The cost of admission to winter flying doesn’t have to be great, but an investment in some basic items is essential. This dollar figure will vary based on your established minimum operating temperature. An insulated engine blanket designed for the aircraft should be your first imperative. Even when an aircraft has been in a heated hangar, Mother Nature quickly will rob whatever heat was absorbed by the aircraft once it’s moved outside. In this situation, a short ground run to generate some additional heat may be a good idea before fitting the engine blanket. As the temperature approaches Fahrenheit teens, a propeller will become like a giant radiator rapidly dissipating internal engine heat. Under these conditions, insulated prop and spinner covers should be added to your list. Power will be required to operate heating equipment, so one or more extension cords will be needed. Do not go cheap here. Buy industrial-grade cords designed for cold weather. A 100-foot cord that won’t coil can be quite frustrating to get back into the airplane.

So how do we deliver heat to the aircraft without risking a total meltdown caused by a portable barbeque grill undergoing thermal runaway? The choices are either heat by combustion or resistance. FBOs that provide preheating services often have industrial-sized, kerosene-fired heaters that can simultaneously pump hot air through flexible hose ducts into your engine cowl and cabin. These units can get the job done on a small single-engine airplane in about the time it takes you to run to Starbucks. Portable units in this genre vary in performance and generally will require a 12-volt power source and propane, which vaporizes poorly at subzero temperatures. Devices on the order of a camp stove and pipe, while certainly far superior to nothing at all, may lack the output to get you thawed from a deep freeze.

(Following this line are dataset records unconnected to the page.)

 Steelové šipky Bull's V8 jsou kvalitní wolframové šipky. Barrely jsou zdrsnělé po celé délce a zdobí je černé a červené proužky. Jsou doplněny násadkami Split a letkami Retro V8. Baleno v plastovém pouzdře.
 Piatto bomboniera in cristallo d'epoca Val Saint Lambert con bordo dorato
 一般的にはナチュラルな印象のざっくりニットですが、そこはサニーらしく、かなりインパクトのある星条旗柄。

Resistance heat is measured in watts and offers some advantages in terms of simplicity. Engine preheating systems from manufacturers like Tanis and Reiff, which incidentally cost less than one replacement cylinder, are easy installations and require only a reliable AC power source. If grid electricity isn’t available, these systems can be operated by a portable generator, like the lightweight Honda EU1000i rated for 900 continuous watts. A small, remove-before-flight, interior car warmer or ceramic heater carefully placed and secured can be quite effective underneath an insulated cowl, especially if plugged in while the engine is still warm. While not able to bring the cockpit to a balmy level, these small units will be more than sufficient to warm your gyros and prevent their premature seizure. Those with fans will, of course, have a greater current draw, which may be a consideration if you’re using portable power.

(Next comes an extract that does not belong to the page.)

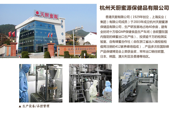杭州天厨蜜源保健品有限公司是专业从事蜂产品生产、研发、加工、销售为一体的高科技企业,是浙江省首家中外合资蜂产品企业,是浙江省骨干农业龙头企业、浙江省高新技术企业、浙江省农业标准化示范基地、浙江省农业企业科技研究开发中心,是蜂胶国家标准、蜂蜡、雄蜂蛹国家标准、蜂王浆国际标准的参与制定单位。公司通过了国家认监委与进出口检验检疫局出口产品的卫生注册,同时拥有:蜂胶、蜂王浆、蜂花粉、蜂蜡等多种蜂产品出口生产权与进出口自营权,成为我省拥有蜂产品出口生产权中,剂型最全、种类最多的进出口生产经营企业。
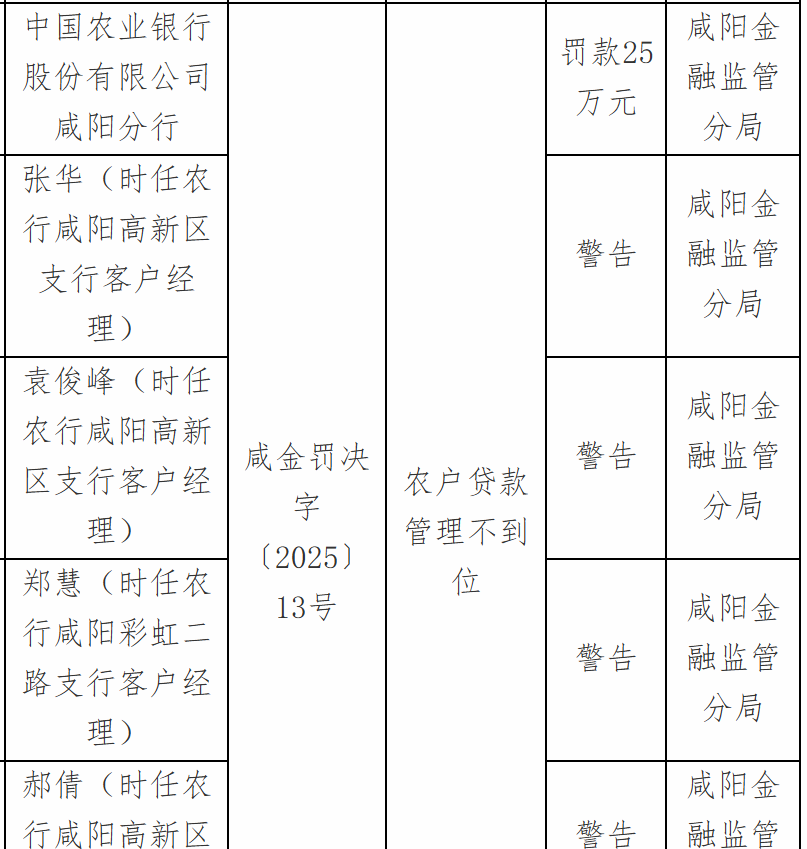 1月14日,国家金融监督管理总局咸阳监管分局行政处罚信息公示表显示,中国农业银行股份有限公司咸阳分行因农户贷款管理不到位被罚款25万元。责任人张某、袁某峰、郑某、郝某、赵某被警告。

And don’t forget—aircraft preheating should be recognized as only one of several necessary phases of the winter preflight. There are many other maintenance-related steps that should be undertaken before the mercury heads south. These considerations are beyond the scope of this discussion, but essential to the safe operation of an aircraft in colder ambient temperatures. Aircraft and engine operating manuals, service bulletins, trained mechanics and experienced pilots should all be consulted. A strategy for dealing with airframe contamination also is of paramount importance.
 
             
             
  So once again, here’s what you should do before flying your plane in cold air:
• Preheat when the temperature drops below 32 degrees F.
• The time required will depend on your methods, but expect the duration to increase exponentially as the temperature inches downward.
• Warm engine oil is not a true indicator of a thorough preheat. Touch the cylinders, case and crankshaft (behind the propeller flange) to check these metals for heat absorption.
• Keep your battery fully charged.
• Be mindful of the placement of any heating source, especially those that deal with live flame. Fuel sumps or strainer leaks, engine oil and some fabrics might react with some enthusiasm.
• Don’t be intimidated by the season. Dress for the diligence and safety that winter flight ops demand.
Now, go enjoy how the winter light illuminates the landscape. Did I mention the benefits cold, dense air has on aircraft performance?